Староверы России не верят

На модерации Отложенный

Выманивая из Бразилии, Родина обещала им все, а не дала почти ничего


— И что на белом свете происходит? — спрашивает у меня 70-летняя Татьяна Килина.

— Да много чего... Путины вот развелись.

— Как так?

— Да пошли в театр и там сообщили — разводимся, мол...

«Вот до чего театры-то бесовские доводят! Свят, свят...» — вздыхает бабушка Татьяна, поправляет кокошник, завязывает покрепче узел на древнерусском, не выходящем из моды со времен Владимира Красное Солнышко сарафане — «самая защита от дьявола такой узел», — и медленно перекрещивается двумя перстами...

Назад. К истокам. В мир-эталон, о котором, видимо, и грезят в своих целомудренных снах депутаты Государственной думы — мир традиционных семейных ценностей, богобоязненный, без оппозиции, где секс только для деторождения и безо всяких там извращений.

Уцелевший в неприкосновенности в джунглях Амазонки, этот идеальный мир был частично перенесен в дальневосточную тайгу крошечной общиной раскольников-староверов, которых власть позвала надысь обустраивать Россию. Ту, что они когда-то потеряли географически, а мы — духовно.

 

Дальневосточная Кармен — Агафья Фефелова.

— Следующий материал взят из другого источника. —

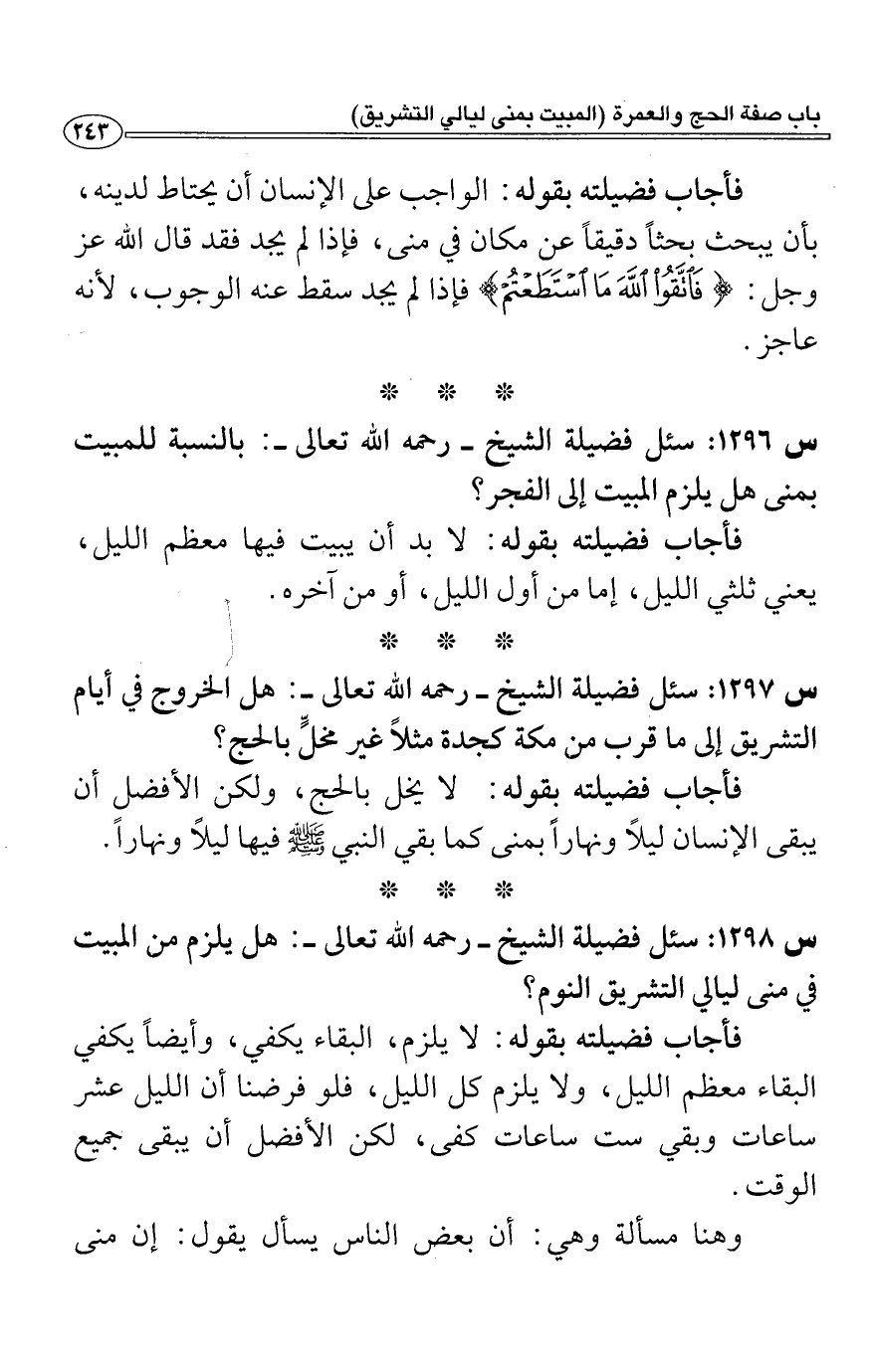 س1296: سئل فضيلة الشيخ- رحمه الله تعالى-: بالنسبة للمبيت بمنى هل يلزم المبيت إلى الفجر؟

Пластиковая крынка молока на столе крепко-накрепко закрыта плотной пластиковой же крышкой. «Бесы бродят неподалеку. Если снять крышку, сразу запрыгнут внутрь и ну греховодить. У вас, поганых, бес так не пакостит, как у нас — чует нечистый...» — как маленькой объясняет основные заповеди своего бытия бабушка Татьяна.

Поганая — это я. Ну и все остальное население России, разумеется. Ничего личного. Просто констатация факта. Мир чистый. И мир нечистый. Мир их. И мир наш.

Наш — на одной шестой части суши, между Москвой и Владивостоком, открыт всем бесам и ветрам.

Их — заперт в одиннадцати часах езды от Владика через Уссурийск на медленно ползущем рейсовом автобусе, который ходит один раз в сутки. Очередная остановка. Кафе. Туалет, как всегда, не работает, снова пиво — бутылочное и баночное, из приграничного Китая, снова в кусты — мальчики налево, девочки направо.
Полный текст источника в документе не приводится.